Deep-Atrous-CNN-NER: Word level model for Named Entity Recognition

A Deep Atrous CNN architecture suitable for Named Entity Recognition on input with variable length, which achieves state of the art results. Up to 10x times faster during prediction time.

The architecture replaces the predominant LSTM-based architectures for Named Entity Recognition tasks. Instead it uses fully convolutional model with dilated convolutions, which are resolution perserving.
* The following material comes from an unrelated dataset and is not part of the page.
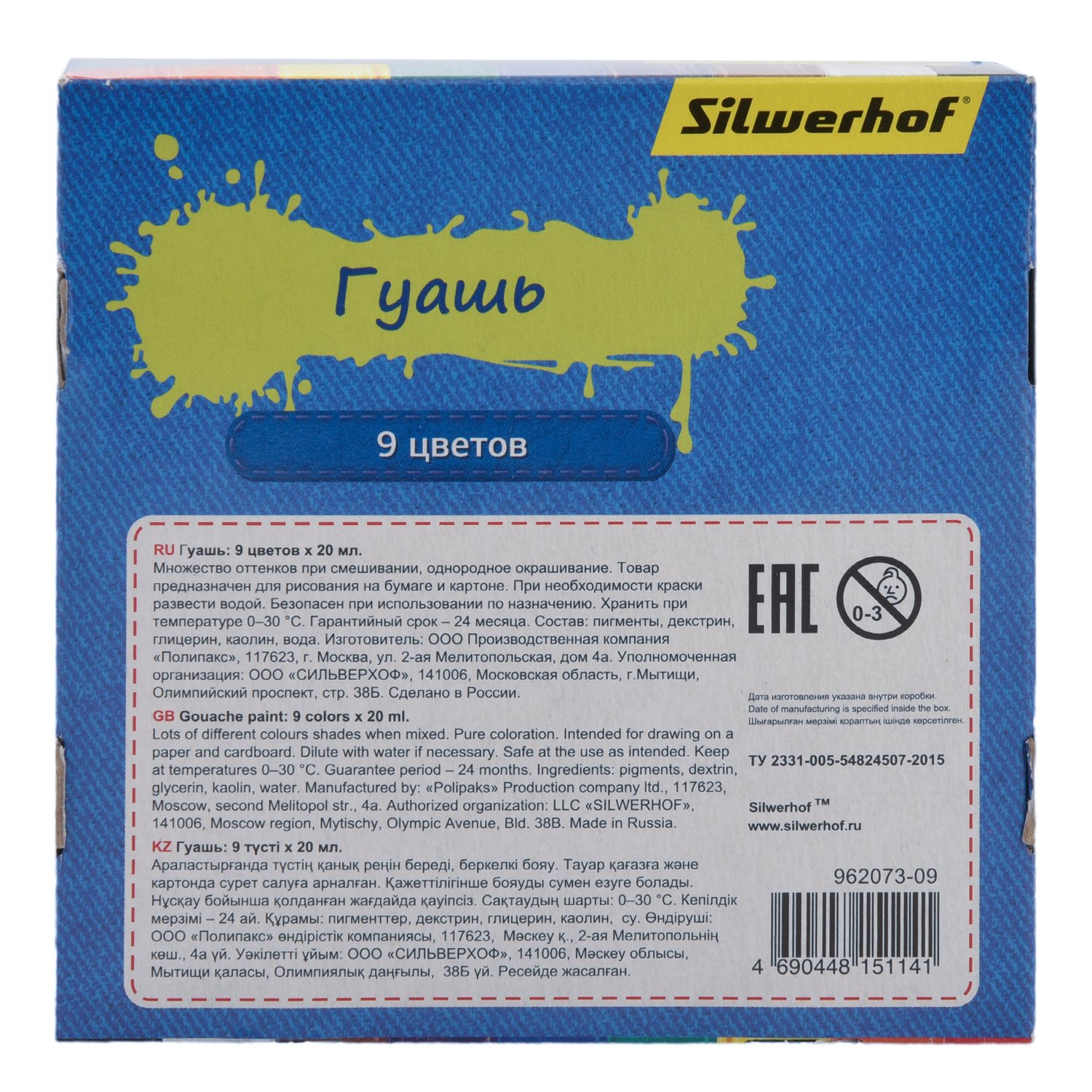 Гуашь Silwerhof Пластилиновая 9цв. в баночках по 15мл 962075-09

The architecture is inspired by the ByteNet model described in Neural Machine Translation in Linear Time.

The model has several components:

Embedding layer for word representation
1x1 convolutions for depth decompression
An atrous-cnn part which is similar to the ByteNet encoder described in Neural Machine Translation in Linear Time
1x1 Convolutions for depth compression
A fully connected layer and SoftMax for numerical stability

Tailored cross-entropy function is applied at the end. Dropout is applied within every ResNet block in the atrous-cnn component.

The network support embedding initialization with pre-trained GloVe vectors (GloVe: Gloval Vectors for Word Representations) which handle even rare words quite well compared to word2vec.

To speed up training the model pre-processes any input into "clean" file, which then utilizes for training. The data is read by line from the "clean" files for better memory management. All input data is split into the appropriate buckets and dynamic padding is applied, which provides better accuracy and speed up during training. The input pipeline can read from multiple data sources which makes addition of more data sources easy as long as they are preprocessed in the right format. The model can be trained on multiple GPUs if the hardware provides this capability.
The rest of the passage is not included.